Harrigan urged American military planners to consider not only the effectiveness of our defenses but also their cost. “I have said for my entire time up here that what we’re doing, fundamentally, supporting Ukraine by shooting million-dollar missiles at $50,000 Russian drones is … not allowing us to win the war in Ukraine, because we’re losing the economics of it,” he said. “It’s also just adding to our national debt.”
“We have got to figure out how we get our defense industrial base to make the low-cost solutions to our enemies’ high-cost problems,” he insisted, “not the other way around, as it has been for the last 30 years. … We have to change that paradigm if we’re going to properly deter or defeat China in the future.” For instance, the WSJ editors pointed to “Israel’s recent success shooting down drones with lasers.”
Developing low-cost solutions is easier said than done, said Perkins, because of the “military-industrial complex” that profits from America’s expensive armaments.
In his 1961 farewell address, President Dwight Eisenhower coined the term “military-industrial complex” to describe “a permanent armaments industry of vast proportions” that the U.S. was forced to create in response to the Soviet threat. Although this industry was necessary, he argued, it also had “grave implications.” Eisenhower urged future elected officials to “guard against the acquisition of unwarranted influence, whether sought or unsought, by the military-industrial complex.”
Harrigan offered his own corollary. “We’ve all got to understand and heed the warning of President Eisenhower.
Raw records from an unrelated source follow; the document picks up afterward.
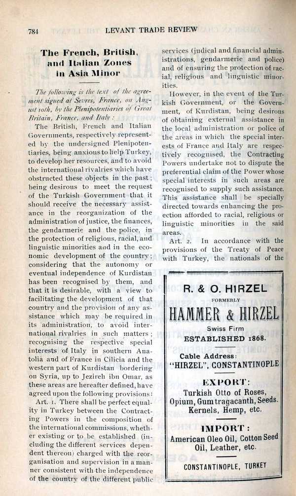 "Levant Trade Review: Volume 8: Number 10," American Research Institute in Turkey, Istanbul Center Library, online in Digital Library for International Research Archive, Item #12465, http://www.dlir.org/archive/items/show/12465 (accessed April 30, 2026).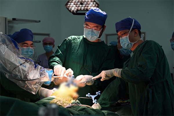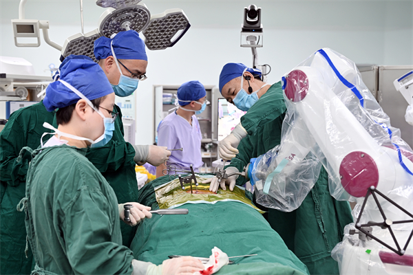 65歲的陳女士腰部疼痛持續了10年,1年前加重並伴右下肢疼痛麻木,入院後診斷為腰椎滑脫症和腰椎間盤突出症。專家在機器人輔助下為陳女士施行椎間盤摘除、神經黏連松解術、腰4腰5椎弓根內固定術等,為患者解決了腰痛及下肢疼痛麻木的問題。腰痛及下肢疼痛麻木症狀完全緩解,術後第三天自主下床行走。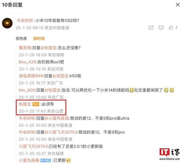 IT之家 1 月 27 日消息,小米手机系统软件部总监张国全上周(1 月 25 日)发微博分享了自己开车回老家过年的经历,评论区中有网友询问小米 12 系列手机是否能在年前获澎湃 HyperOS 2 大版本更新,他回复称“必须有”。

There is a military-industrial [complex], and there is also a congressional complex,” he said. “We have parochial concerns that affect every single congressional district across the United States. And when that particular congressman or congresswoman fights for what is being produced inside of their district, oftentimes the wrong decisions are ultimately made.”
Although difficult, Harrigan believes that “winning the economics of our conflicts again” is worth the effort. If successful, he said, “we actually won’t fight our next conflict because our enemy knows that we can win the economics of it.”
Regardless of economics, he said, “we have to invest in new technologies that are relevant to the future fight because, as we’ve seen just over the last couple of days in Ukraine, war is fundamentally changing.”